Approach 3: Playwright Browser Automation

For pages with heavy client-side rendering or authentication walls:

from playwright.sync_api import sync_playwright
import json
import time
import random

def scrape_company_playwright(company_slug, proxy_config=None):
    """Scrape company profile using Playwright browser automation."""
    with sync_playwright() as p:
        launch_kwargs = {
            "headless": True,
            "args": [
                "--disable-blink-features=AutomationControlled",
                "--disable-dev-shm-usage",
                "--no-sandbox",
            ],
        }
        if proxy_config:
            launch_kwargs["proxy"] = proxy_config

        browser = p.chromium.launch(**launch_kwargs)
        context = browser.new_context(
            viewport={"width": 1440, "height": 900},
            user_agent=HEADERS["User-Agent"],
            locale="en-US",
            timezone_id="America/New_York",
        )

        # Intercept GraphQL responses
        graphql_data = []
        def handle_response(response):
            if "graphql" in response.url.lower():
                try:
                    data = response.json()
                    if data.get("data"):
                        graphql_data.append(data["data"])
                except Exception:
                    pass

        page = context.new_page()
        page.on("response", handle_response)

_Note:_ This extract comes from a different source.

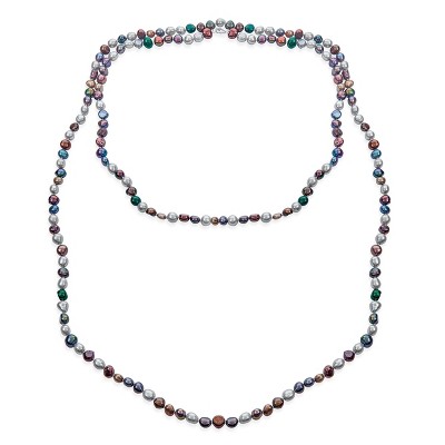 Lavari Jewelers Women's Sterling Silver 6-7MM Freshwater Black Pearl Necklace

        # Navigate to company page
        page.goto(
            f"https://wellfound.com/company/{company_slug}",
            wait_until="networkidle",
            timeout=30000,
        )
        time.sleep(random.uniform(2, 4))

        # Extract visible data from DOM
        company_data = page.evaluate("""
            () => {
                const getText = (sel) => document.querySelector(sel)?.textContent?.trim();
                const getAll = (sel) => Array.from(
                    document.querySelectorAll(sel)
                ).map(e => e.textContent.trim()).filter(Boolean);

                return {
                    name: getText('h1') || getText('[data-test="company-name"]'),
                    tagline: getText('[data-test="tagline"]') || getText('[class*="tagline"]'),
                    description: getText('[data-test="description"]') || getText('[class*="description"]'),
                    size: getText('[data-test="company-size"]'),
                    stage: getText('[data-test="company-stage"]'),
                    markets: getAll('[data-test="market-tag"], [class*="market"]'),
                    tech_stack: getAll('[data-test="tech-tag"], [class*="tech-stack"]'),
                    social_links: Array.from(document.querySelectorAll('a[href*="twitter"], a[href*="linkedin"]'))
                        .map(a => ({ href: a.href, text: a.textContent.trim() })),
                };
            }
        """)

        # Scroll to load more content (lazy-loaded sections)
        page.evaluate("window.scrollTo(0, document.body.scrollHeight)")
        time.sleep(1.5)

        # Get funding info (often in a separate section)
        funding_data = page.evaluate("""
            () => {
                const rounds = [];
                document.querySelectorAll('[class*="funding-round"], [data-test*="round"]').forEach(el => {
                    rounds.push({
                        text: el.textContent.trim(),
                        type: el.querySelector('[class*="round-type"]')?.textContent?.trim(),
                        amount: el.querySelector('[class*="amount"]')?.textContent?.trim(),
                        date: el.querySelector('[class*="date"]')?.textContent?.trim(),
                    });
                });
                return rounds;
            }
        """)

        company_data["funding_rounds"] = funding_data
        company_data["graphql_data"] = graphql_data  # Raw captured responses

        browser.close()
        return company_data

# Proxy config for ThorData
proxy_config = {
    "server": "http://proxy.thordata.com:9000",
    "username": "your_user",
    "password": "your_pass",
}
company = scrape_company_playwright("stripe", proxy_config)
print(f"Company: {company.get('name')}")
print(f"Stage: {company.get('stage')}")

Anti-Bot Measures

Wellfound runs Cloudflare with bot scoring. Understanding the layers:

Cloudflare Bot Management

Cloudflare checks: - IP reputation: Datacenter IPs fail immediately; residential IPs pass - TLS fingerprint: Non-browser TLS stacks get challenged - JavaScript execution: CF injects a challenge that must execute in a real browser - Behavioral signals: Mouse movements, scroll events, request patterns

Solution: Use residential proxies. Datacenter IPs are near-universally blocked by Wellfound's Cloudflare config. ThorData's residential proxy network routes through real household IPs that pass Cloudflare's bot scoring.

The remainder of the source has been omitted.